NIC link is Down when using Dual Port (PCIe x4) Gigabit Ethernet Server Adapter Network Card - Intel...

Hello,

I have a network problem when using with nvidia tx2 the Dual Port PCI Express (PCIe x4) Gigabit Ethernet Server Adapter Network Card - Intel i350 NIC (ST2000SPEXI)

The setup:

To the nvidia tx2 i have connected 2 devices (other dev boards) directly to the PCI dual ports(ETH1 and ETH2).The nvidia ETH0 (is connected via ssh to another pc).

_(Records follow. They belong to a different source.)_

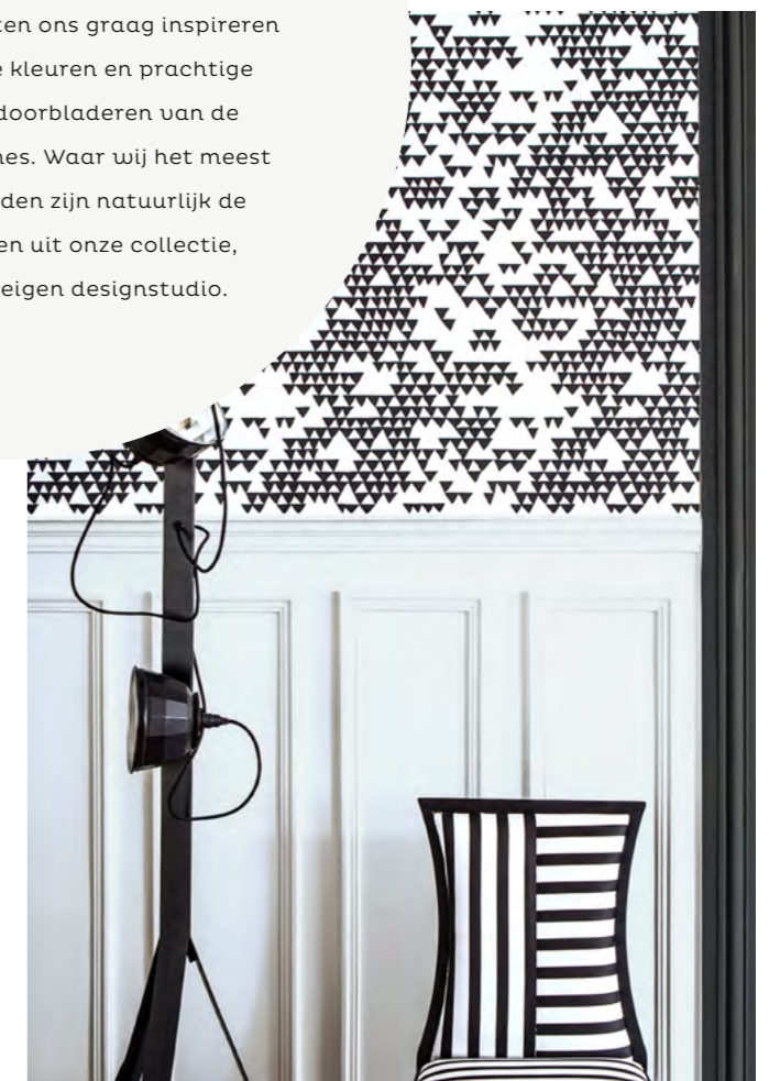
SECRET MOUNTAIN BLACK & WHITE gezien bij ELLE DECORATION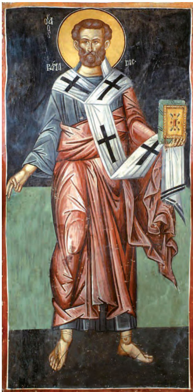
Ὁ Ἀπόστολος Βαρνάβας. Τοιχογραφία Ἱ. Μ. Παναγίας Χρυσοκουρδαλιωτίσσης, 16ος αἰών.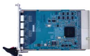
DCP-571-PbF (CompactPCI 規格)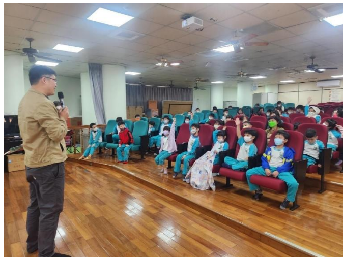
日麗牙醫醫生為學生宣導口腔維護知識。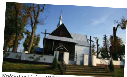
Kościół w Lipie z XVIII w.

Najcenniejszym obiektem miejscowości jest kościół św. Wawrzyńca i św. Katarzyny stojący wśród rosnących lip. Początki tej świątyni sięgają aż 1129 r., kiedy miał tu powstać pierwszy modrzewiowy kościół. Jednak obecna budowla, najprawdopodobniej trzecia, swe początki ma w roku 1764 i została zachowana do dnia dzisiejszego.

[i]eth0 Link encap:Ethernet HWaddr 00:04:4b:c5:01:0d
inet addr:192.168.157.42 Bcast:192.168.157.255 Mask:255.255.255.0
inet6 addr: fe80::204:4bff:fec5:10d/64 Scope:Link
UP BROADCAST RUNNING MULTICAST MTU:1500 Metric:1
RX packets:1378709 errors:0 dropped:0 overruns:0 frame:0
TX packets:4139259 errors:0 dropped:0 overruns:0 carrier:0
collisions:0 txqueuelen:1000
RX bytes:85100195 (85.1 MB) TX bytes:27988495868 (27.9 GB)
Interrupt:42

eth1 Link encap:Ethernet HWaddr 00:0a:cd:33:54:7b
inet addr:169.254.8.202 Bcast:169.254.8.255 Mask:255.255.255.0
inet6 addr: fe80::20a:cdff:fe33:547b/64 Scope:Link
UP BROADCAST RUNNING MULTICAST MTU:1500 Metric:1
RX packets:7463869 errors:0 dropped:0 overruns:0 frame:0
TX packets:112 errors:0 dropped:0 overruns:0 carrier:0
collisions:0 txqueuelen:1000
RX bytes:516219413 (516.2 MB) TX bytes:11010 (11.0 KB)
Memory:50100000-5011ffff

eth2 Link encap:Ethernet HWaddr 00:0a:cd:33:54:7c
inet addr:169.254.9.202 Bcast:169.254.9.255 Mask:255.255.255.0
inet6 addr: fe80::20a:cdff:fe33:547c/64 Scope:Link
UP BROADCAST RUNNING MULTICAST MTU:1500 Metric:1
RX packets:7680832 errors:0 dropped:0 overruns:0 frame:0
TX packets:112 errors:0 dropped:0 overruns:0 carrier:0
collisions:0 txqueuelen:1000
RX bytes:531224791 (531.2 MB) TX bytes:11009 (11.0 KB)
Memory:50120000-5013ffff
[/i]

The problem:

Randomly just the ETH1 (from PCIexpress) is lossing connection for about 1-2 seconds:

nvidia@tegra-ubuntu:~$ dmesg | grep igb
[ 7484.066821] igb 0000:01:00.0 eth1: igb: eth1 NIC Link is Down
[ 7485.771149] igb 0000:01:00.0 eth1: igb: eth1 NIC Link is Up 100 Mbps Full Duplex, Flow Control: RX
[ 7501.430821] igb 0000:01:00.0 eth1: igb: eth1 NIC Link is Down
[ 7503.063148] igb 0000:01:00.0 eth1: igb: eth1 NIC Link is Up 100 Mbps Full Duplex, Flow Control: RX

Basicaly the behaviour is like somebody is un-pluging the cable from the PCI board for port ETH1
The boards connected to ETH1 and ETH2 are identically with identical config and code on them.
I never lose connection if i touch the cable or i simulate an imperfect contact. 
The ethernet driver is a built-in one <igb> or something and the lib/modules version is 4.4.38

- I have checked on other topics this problem but nothing works.
- I have changed the cables and still no solution.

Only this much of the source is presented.